The deserialized Java objects are encoded in XML using the [XStream](http://xstream.codehaus.org/) library.
The compression format currently supported is **zlib**.
It works well with Burp's _Proxy_, _History_, _Intruder_ and _Repeater_ tools, while it only partially supports _Scanner_.
It also has the ability to use SQLMap: Copy and paste the output of the "send deserialized to intruder" into a file, and then "sqlmap.py -r --proxy "http://burp:port".
## Usage
1) Find and download client *.jar files
Few methods to locate the required jar files containing the classes we'll be deserializing:
* In case of a .jnlp file use [jnpdownloader](https://code.google.com/p/jnlpdownloader/)

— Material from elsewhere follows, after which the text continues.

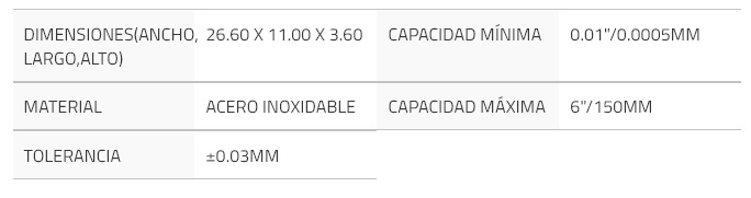 Usos: Para mediciones externas, internas, escalones y profundidad.

* Locating jars in browser cache
* Looking for .jar in burp proxy historyFinally, create a "libs/" directory next to your burp.jar and put all the jars in it.
2) Start Burp plugin
Download from [here](https://github.com/twelvesec/JDSer-DComp/raw/master/Executables/JDSer-DComp.jar) and simply load it in the Extender tab, the Output window will list all the loaded jars from ./libs/
3) Inspect serialized Java traffic
Serialized Java content will automagically appear in the Deserialized Java input tab in appropriate locations (proxy history, interceptor, repeater, etc.) Any changes made to the XML will serialize back once you switch to a different tab or send the request.
Please note that if you mess up the XML schema or edit an object in a funny way, the re-serialization will fail and the error will be displayed in the input tab
JARs reload when the extender is loaded. Everything is written to stdout (so run java -jar burpsuite.jar) and look for error messages/problems there.
## To do
This plugin is at a somewhat primitive state, and there are many things left to be done, like:
* Supporting more compression algorithms (maybe with auto-detection)
* Better support for Burp’s Scanner
* Better exception handling
* Support for applications that utilize XML signing## Credits
* [JDSer-ngng](https://github.com/nccgroup/JDSer-ngng)
* [khai-tran](https://github.com/khai-tran/BurpJDSer)
* [IOActives](https://github.com/IOActive/BurpJDSer-ng)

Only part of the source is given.